▶ [To do]
Leave out pictures; repeat exactly the lines from the "6月8日上午,环境科学与工程" line through the last of the data below.
• • • • •
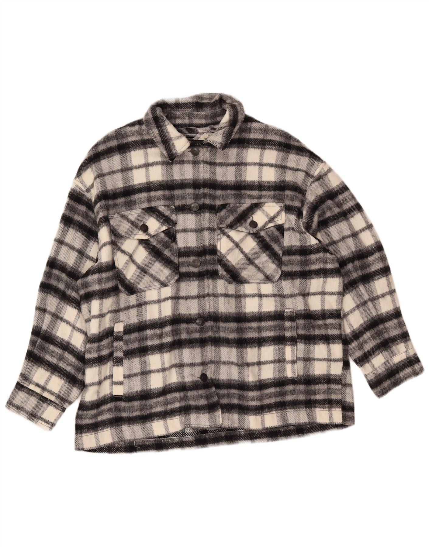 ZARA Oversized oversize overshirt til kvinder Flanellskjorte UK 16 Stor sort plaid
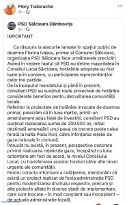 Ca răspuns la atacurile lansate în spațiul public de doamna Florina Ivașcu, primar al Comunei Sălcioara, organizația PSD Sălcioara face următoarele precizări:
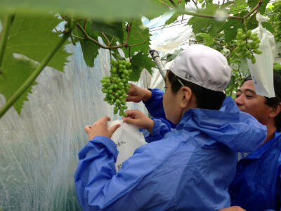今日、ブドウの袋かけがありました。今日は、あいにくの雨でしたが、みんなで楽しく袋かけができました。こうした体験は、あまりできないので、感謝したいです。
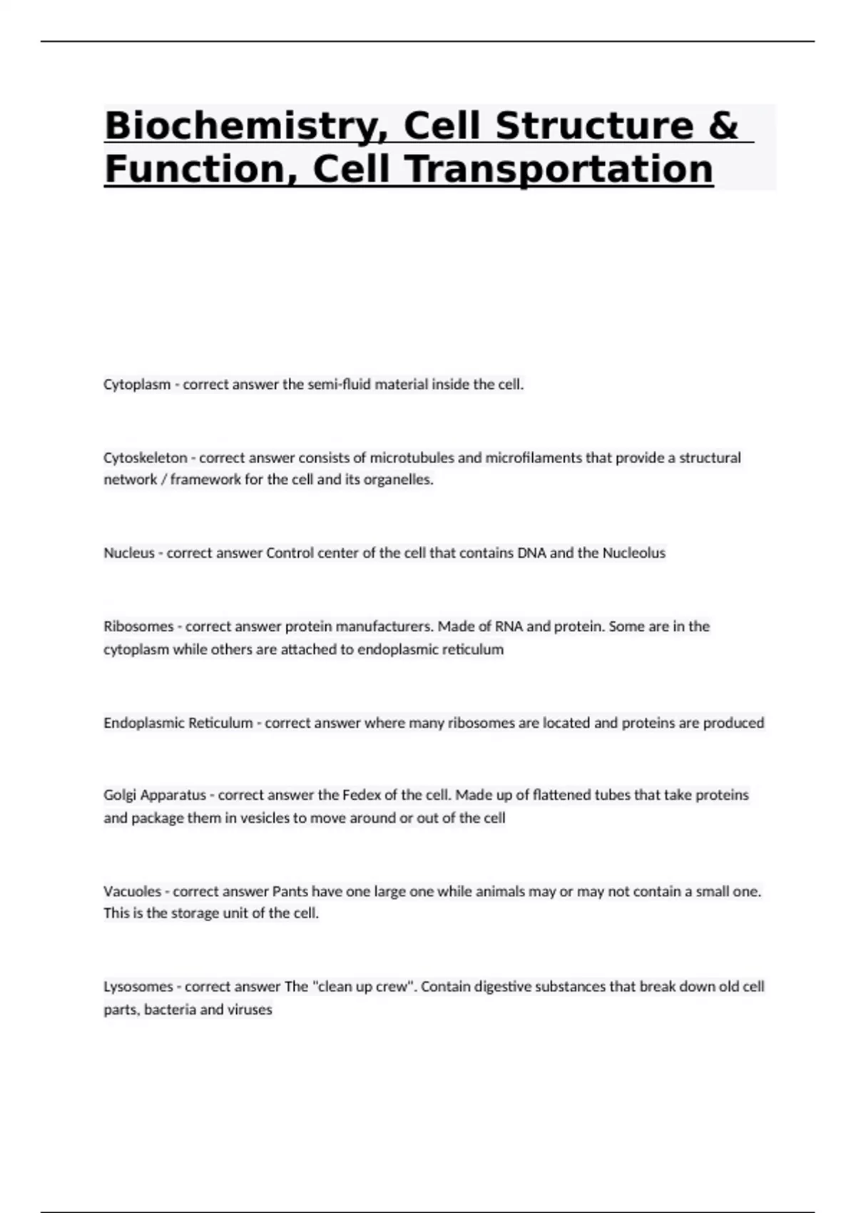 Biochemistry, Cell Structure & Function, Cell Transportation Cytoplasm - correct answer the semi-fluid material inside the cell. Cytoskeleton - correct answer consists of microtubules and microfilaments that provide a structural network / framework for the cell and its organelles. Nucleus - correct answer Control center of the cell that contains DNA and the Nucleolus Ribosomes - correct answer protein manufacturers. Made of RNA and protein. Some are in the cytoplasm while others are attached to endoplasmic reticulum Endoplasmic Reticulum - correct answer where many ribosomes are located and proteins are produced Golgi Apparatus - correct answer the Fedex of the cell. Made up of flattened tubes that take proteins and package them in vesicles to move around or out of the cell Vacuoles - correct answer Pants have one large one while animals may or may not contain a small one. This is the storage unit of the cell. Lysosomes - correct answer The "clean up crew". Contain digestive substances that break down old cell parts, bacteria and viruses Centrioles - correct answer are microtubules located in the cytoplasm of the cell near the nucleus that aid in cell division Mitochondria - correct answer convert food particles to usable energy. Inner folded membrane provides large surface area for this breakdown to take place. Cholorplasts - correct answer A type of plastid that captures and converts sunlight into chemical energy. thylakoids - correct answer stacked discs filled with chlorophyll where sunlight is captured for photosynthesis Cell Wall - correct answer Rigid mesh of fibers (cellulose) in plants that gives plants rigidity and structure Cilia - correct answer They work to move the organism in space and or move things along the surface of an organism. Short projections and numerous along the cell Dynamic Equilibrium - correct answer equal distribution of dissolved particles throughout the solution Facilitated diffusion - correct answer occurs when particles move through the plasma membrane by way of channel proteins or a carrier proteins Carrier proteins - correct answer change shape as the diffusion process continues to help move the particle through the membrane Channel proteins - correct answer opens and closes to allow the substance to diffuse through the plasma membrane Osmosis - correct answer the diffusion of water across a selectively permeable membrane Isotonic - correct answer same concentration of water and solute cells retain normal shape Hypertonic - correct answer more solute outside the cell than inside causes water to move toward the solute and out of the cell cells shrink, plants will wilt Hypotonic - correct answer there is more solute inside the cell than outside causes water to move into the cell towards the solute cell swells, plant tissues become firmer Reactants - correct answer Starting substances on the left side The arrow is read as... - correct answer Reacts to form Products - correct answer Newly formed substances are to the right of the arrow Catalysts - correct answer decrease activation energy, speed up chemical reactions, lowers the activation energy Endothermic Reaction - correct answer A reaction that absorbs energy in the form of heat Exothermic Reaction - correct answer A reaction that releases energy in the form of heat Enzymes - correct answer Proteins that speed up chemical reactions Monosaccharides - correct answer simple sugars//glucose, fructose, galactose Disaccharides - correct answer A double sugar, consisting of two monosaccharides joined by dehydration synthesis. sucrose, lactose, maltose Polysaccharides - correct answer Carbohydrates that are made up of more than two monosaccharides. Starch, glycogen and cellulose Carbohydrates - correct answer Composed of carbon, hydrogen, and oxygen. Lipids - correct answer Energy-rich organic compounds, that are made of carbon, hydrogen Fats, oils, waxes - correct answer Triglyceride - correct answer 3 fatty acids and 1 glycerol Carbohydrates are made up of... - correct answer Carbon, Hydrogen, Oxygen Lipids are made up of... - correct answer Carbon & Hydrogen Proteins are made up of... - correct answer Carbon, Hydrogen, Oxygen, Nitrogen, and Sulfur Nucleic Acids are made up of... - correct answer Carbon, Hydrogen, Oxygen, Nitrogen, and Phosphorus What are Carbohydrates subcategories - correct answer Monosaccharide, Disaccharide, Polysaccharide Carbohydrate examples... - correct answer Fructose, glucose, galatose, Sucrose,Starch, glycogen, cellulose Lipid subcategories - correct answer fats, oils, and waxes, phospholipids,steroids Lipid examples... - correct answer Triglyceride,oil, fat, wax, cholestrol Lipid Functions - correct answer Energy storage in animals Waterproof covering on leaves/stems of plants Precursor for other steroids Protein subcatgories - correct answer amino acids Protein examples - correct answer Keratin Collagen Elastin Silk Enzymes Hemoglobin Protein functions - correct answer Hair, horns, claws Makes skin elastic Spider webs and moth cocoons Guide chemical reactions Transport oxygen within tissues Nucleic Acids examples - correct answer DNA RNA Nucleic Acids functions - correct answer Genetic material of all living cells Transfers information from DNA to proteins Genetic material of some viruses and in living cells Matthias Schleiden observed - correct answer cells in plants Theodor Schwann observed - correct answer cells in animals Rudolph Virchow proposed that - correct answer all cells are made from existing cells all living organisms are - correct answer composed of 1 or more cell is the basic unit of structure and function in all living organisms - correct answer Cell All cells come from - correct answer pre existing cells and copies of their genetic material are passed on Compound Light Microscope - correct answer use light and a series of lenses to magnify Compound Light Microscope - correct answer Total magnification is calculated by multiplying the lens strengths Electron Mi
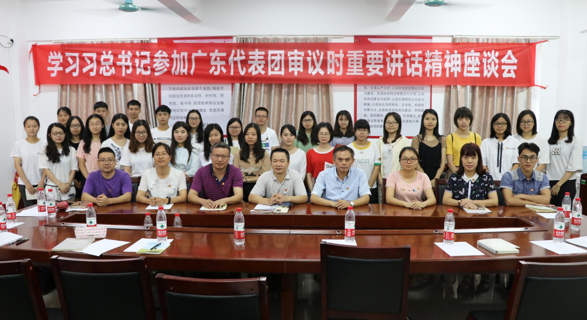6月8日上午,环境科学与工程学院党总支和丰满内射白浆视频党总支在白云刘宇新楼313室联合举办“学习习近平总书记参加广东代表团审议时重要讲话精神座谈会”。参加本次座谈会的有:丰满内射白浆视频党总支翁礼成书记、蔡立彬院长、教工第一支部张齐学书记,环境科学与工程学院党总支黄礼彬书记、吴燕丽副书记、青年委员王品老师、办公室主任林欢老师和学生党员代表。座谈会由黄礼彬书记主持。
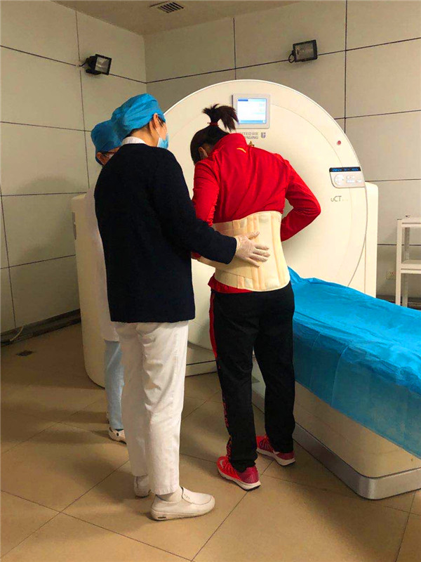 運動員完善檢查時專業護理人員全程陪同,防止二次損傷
• • • • •
▶ [Answer to this task]
6月8日上午,环境科学与工程学院党总支和丰满内射白浆视频党总支在白云刘宇新楼313室联合举办“学习习近平总书记参加广东代表团审议时重要讲话精神座谈会”。参加本次座谈会的有:丰满内射白浆视频党总支翁礼成书记、蔡立彬院长、教工第一支部张齐学书记,环境科学与工程学院党总支黄礼彬书记、吴燕丽副书记、青年委员王品老师、办公室主任林欢老师和学生党员代表。座谈会由黄礼彬书记主持。
 運動員完善檢查時專業護理人員全程陪同,防止二次損傷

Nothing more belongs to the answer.